Eric Raoult, maire UMP du Raincy (Seine-Saint-Denis), à la sortie du tribunal correctionnel de Bobigny, jeudi 7 février 2013, où il comparaissait pour violences conjugales.
Eric Raoult, maire UMP du Raincy (Seine-Saint-Denis), à la sortie du tribunal correctionnel de Bobigny, jeudi 7 février 2013, où il comparaissait pour violences conjugales. - Alexandre Gelebart / 20 Minutes

William Molinié

Volontiers «grande gueule» sur l’estrade politique, l’ancien ministre de la Ville Eric Raoult s’est présenté comme un simple justiciable ce jeudi devant le tribunal correctionnel de Bobigny (Seine-Saint-Denis), où il était jugé pour violences conjugales. Il est accusé d’avoir «giflé» et «bousculé» son épouse, qui était son assistante parlementaire, à plusieurs reprises entre décembre 2011 et octobre 2012.

Les juges ont diffusé à l’audience trois conversations audio qui ont été enregistrées sur un téléphone portable par sa femme, Corinne Raoult, après plusieurs disputes. Pour le président du tribunal, l’un des enregistrements signe un «aveu implicite». Dans la conversation, l’on entend son épouse se plaindre des gifles que lui aurait infligées l’ex-député. «Il va falloir t’y habituer. Chaque fois que tu iras trop loin, tu en recevras une», lui répond une voix d’homme, qu’Eric Raoult reconnaît être la sienne. «Mais je ne suis pas dans un état normal. Ça donne l’impression que je suis drogué», nuance-t-il.

Climat de disputes

A la barre, le maire du Raincy (Seine-Saint-Denis) s’est défendu d’avoir «levé la main». «Je confirme que je ne l’ai jamais frappée», a-t-il juré, reconnaissant un climat de disputes récurrentes, notamment à cause de l’attitude de sa femme avec qui il était en train de se séparer. «Parfois, elle était habillée d’une manière très provocatrice. Quand un jeune vient vous dire “Putain, elle est bonne, ta femme”, ça surprend. La femme d’un maire n’est pas une personne comme les autres!», justifie-t-il.
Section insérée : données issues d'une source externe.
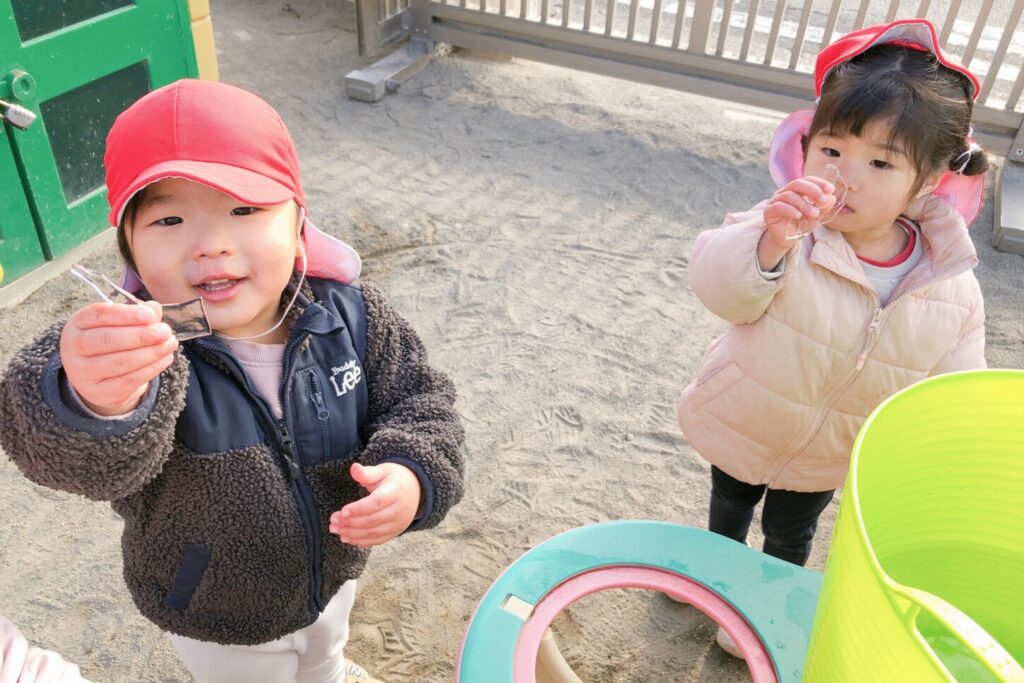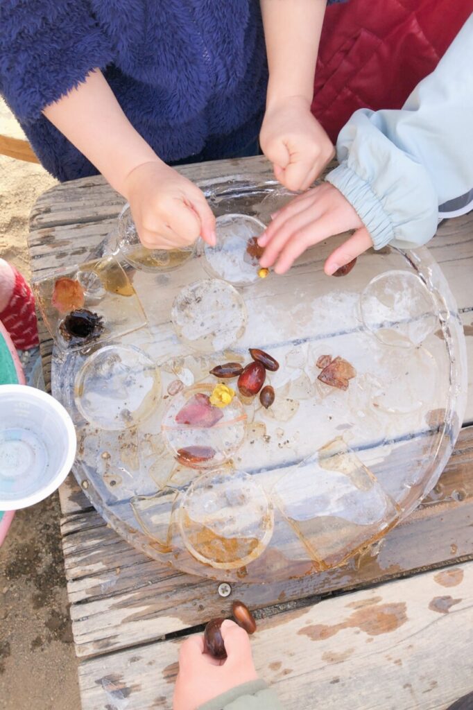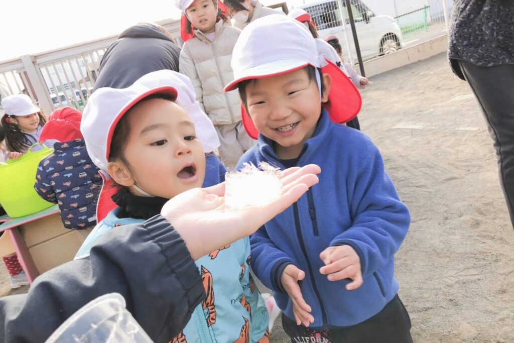 「せんせ~!葉っぱが凍ってる~!」と外の水道に溜まっていた水が凍っていることに気づいた一人のお友だち。大喜びしながらこちらに見せにやってきました。「太陽の光が氷にあたって、キラキラしていてとてもきれ~い!」と一緒に見ているうちにあっという間にお友だちに囲まれてしまいました。氷に興味津々の子どもたち!小さなお友だちは初めて見る氷にびっくり。手を伸ばし触ってみるも、あまりの冷たさに手をひゅっと引っ込めていました。

De son côté, Corinne Raoult est revenue sur plusieurs de ses déclarations, minimisant les accusations qu’elle avait portées à son encontre. D’ailleurs, elle a estimé devant le tribunal qu’une des scènes de violence était à «mettre sur le compte l’accident vasculaire cérébral» d’Eric Raoult, survenu en janvier 2012. «Il ne contrôlait pas ses gestes et ne coordonnait pas ses membres avec son cerveau, à cause de l’AVC», explique-t-elle, soutenant être aujourd’hui dans un «esprit d’apaisement».

«Premier stade de la violence conjugale»

Pour le procureur de la République, la culpabilité d’Eric Raoult ne fait pas de doute. Il estime par ailleurs que les déclarations de sa femme, qui ont «toujours été constantes» devant les policiers, sont «authentiques». Elle «couvre aujourd’hui son mari [en raison] d’une forme de culpabilité», argue-t-il.

Le procureur requiert trois mois de prison avec sursis, en guise d’«avertissement». Car selon lui, «ces faits ne sont pas d’une gravité extrême mais on est au premier stade de la violence conjugale». Le jugement a été mis en délibéré au 21 février.